- Work order: Please repeat the records beneath this task exactly as they appear, but skip the images.

- Dataset extract:
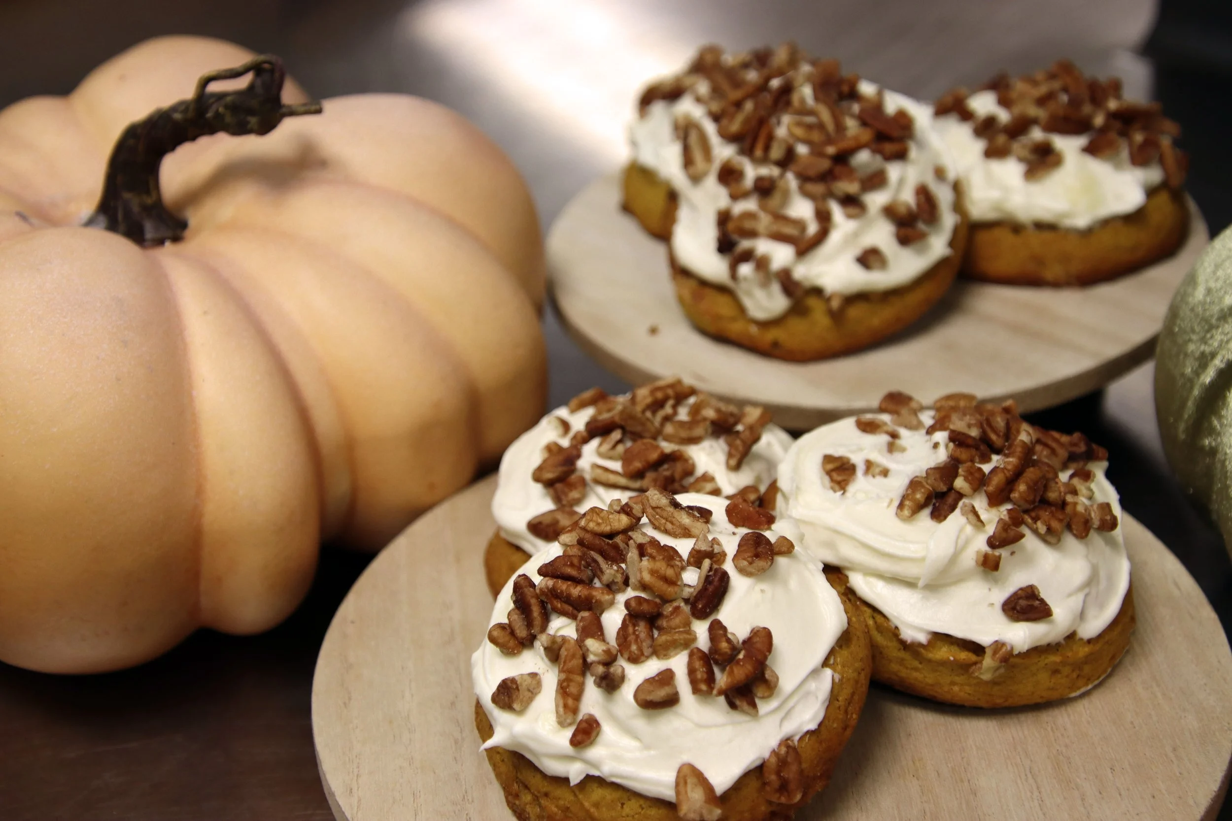 INGREDIENTS: Flour, baking powder, cinnamon, baking soda, nutmeg, ginger, butter sugar, vanilla, eggs, pumpkin puree, cream cheese, pecans
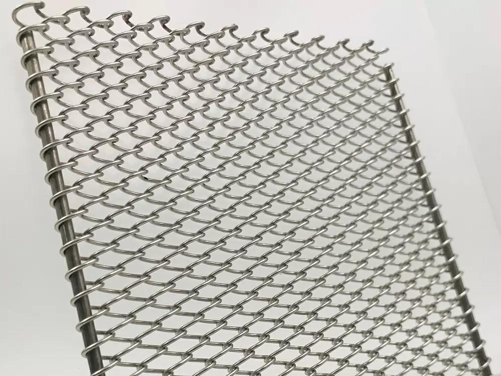 菱形網(wǎng)帶是指網(wǎng)帶的成型方式為編織網(wǎng)帶式,成規(guī)則的菱形狀 ,因此叫做菱形網(wǎng)帶。菱形網(wǎng)帶的特點是靈活性好,運行平穩(wěn),網(wǎng)孔大,透氣性好,便于清洗,安裝,維修,拆卸。菱形網(wǎng)帶主要用于食品生產(chǎn)線,電子產(chǎn)品輸送線。
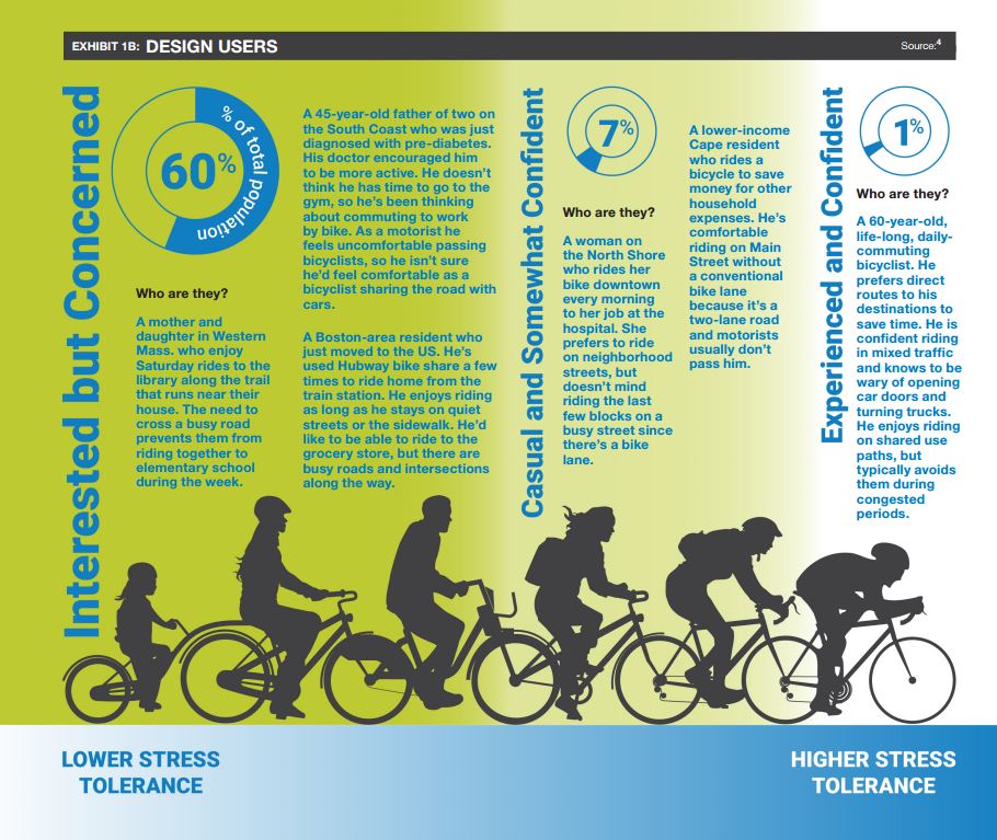 Figure 6. Research shows that improving separation from vehicles expands the types and numbers of riders that will bike commute. Figure from MassDOT’s Separated Bike Lane Planning and Design Guide and based on the research of Dill & McNeil (2012).
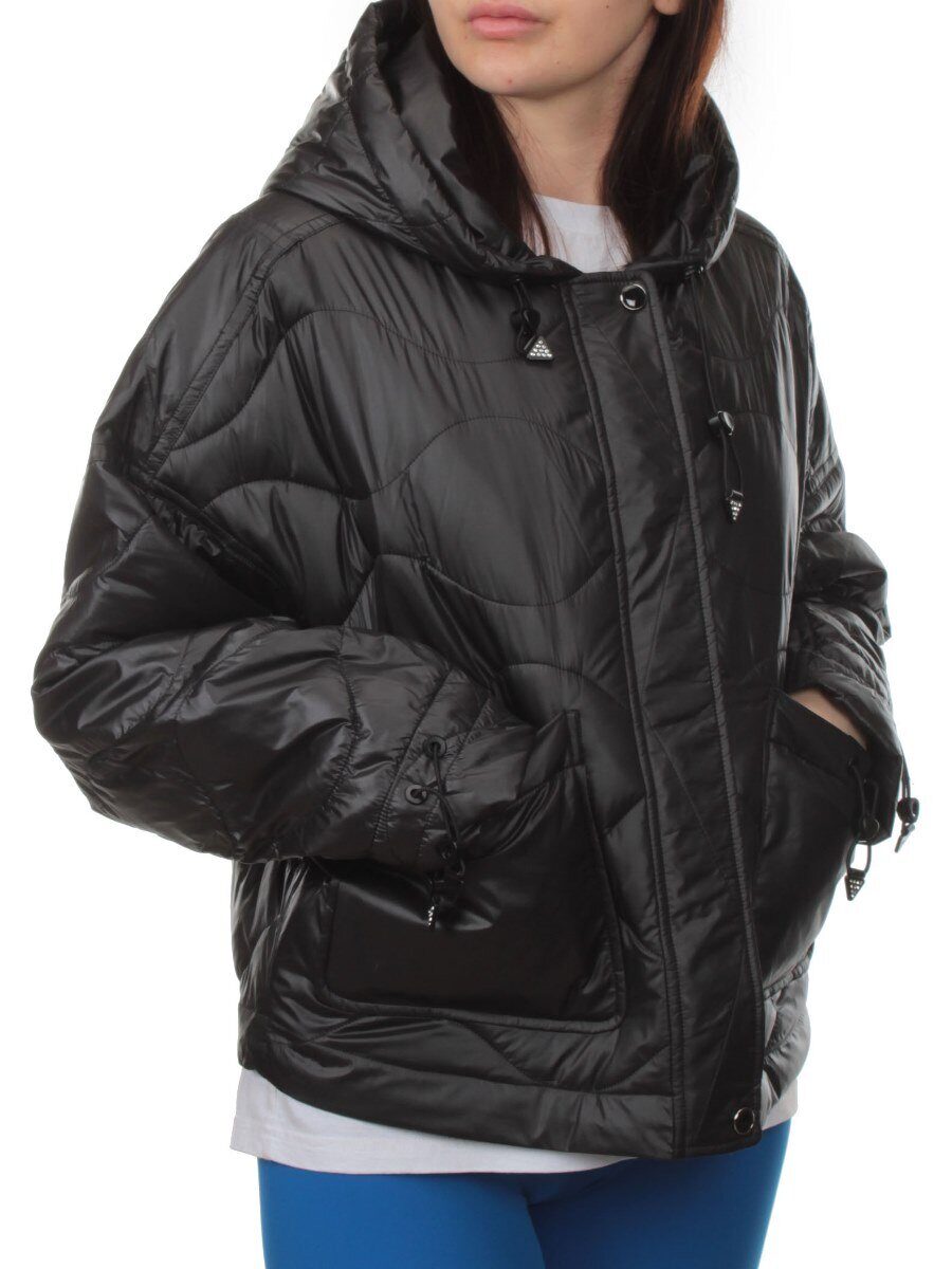 23-022 BLACK Куртка оверсайз демисезонная женская (синтепон 100 гр.)
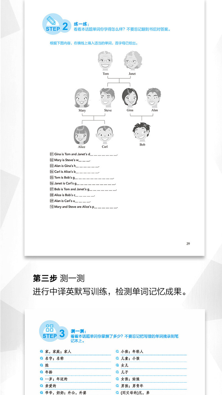 3.学习步骤十分简单,考生可以先在“学一学”部分集中学习单词,然后通过“练一练”部分的练习题检测自己的学习效果,最后通过“测一测”部分的汉译英默写检查自己是否掌握了当前话题内出现的所有词汇。对于写不出来的单词,考生可以返回“学一学”部分进行二次学习,就这样一步一个脚印,稳步提升词汇量。
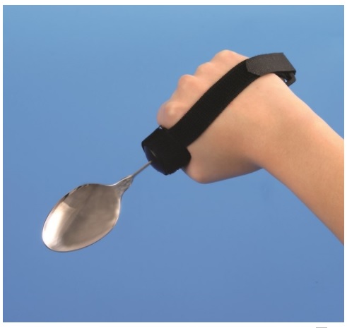 Jest to idealne rozwiązanie dla osób o ograniczonej sprawności ruchowej. Wystarczy przymocować pasek do sztućców i wsunąć rękę przez pętlę. Pasuje do niemal każdej dłoni. Wykonane z rzepami dla różnych wielkości dłoni.
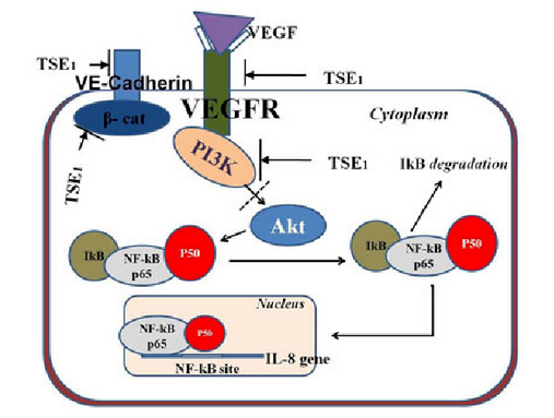 3、抗血管生成:茶皂素E1通过抑制VEGF受体复合物和NF-κB激活,抑制血管内皮细胞的管状结构形成,展示出抗血管生成作用,对于抑制肿瘤生长和转移具有重要意义。
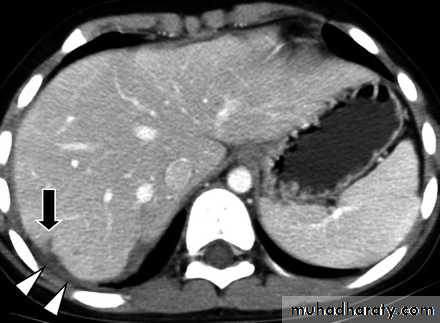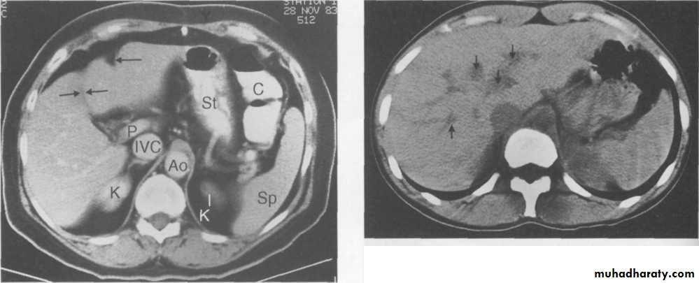 CT scan showing unopacified hepatic veins (arrows) which should not be confused with metastases.

- Response:
 INGREDIENTS: Flour, baking powder, cinnamon, baking soda, nutmeg, ginger, butter sugar, vanilla, eggs, pumpkin puree, cream cheese, pecans
 菱形網(wǎng)帶是指網(wǎng)帶的成型方式為編織網(wǎng)帶式,成規(guī)則的菱形狀 ,因此叫做菱形網(wǎng)帶。菱形網(wǎng)帶的特點是靈活性好,運行平穩(wěn),網(wǎng)孔大,透氣性好,便于清洗,安裝,維修,拆卸。菱形網(wǎng)帶主要用于食品生產(chǎn)線,電子產(chǎn)品輸送線。
 Figure 6. Research shows that improving separation from vehicles expands the types and numbers of riders that will bike commute. Figure from MassDOT’s Separated Bike Lane Planning and Design Guide and based on the research of Dill & McNeil (2012).
 23-022 BLACK Куртка оверсайз демисезонная женская (синтепон 100 гр.)
 3.学习步骤十分简单,考生可以先在“学一学”部分集中学习单词,然后通过“练一练”部分的练习题检测自己的学习效果,最后通过“测一测”部分的汉译英默写检查自己是否掌握了当前话题内出现的所有词汇。对于写不出来的单词,考生可以返回“学一学”部分进行二次学习,就这样一步一个脚印,稳步提升词汇量。
 Jest to idealne rozwiązanie dla osób o ograniczonej sprawności ruchowej. Wystarczy przymocować pasek do sztućców i wsunąć rękę przez pętlę. Pasuje do niemal każdej dłoni. Wykonane z rzepami dla różnych wielkości dłoni.
 3、抗血管生成:茶皂素E1通过抑制VEGF受体复合物和NF-κB激活,抑制血管内皮细胞的管状结构形成,展示出抗血管生成作用,对于抑制肿瘤生长和转移具有重要意义。
 CT scan showing unopacified hepatic veins (arrows) which should not be confused with metastases.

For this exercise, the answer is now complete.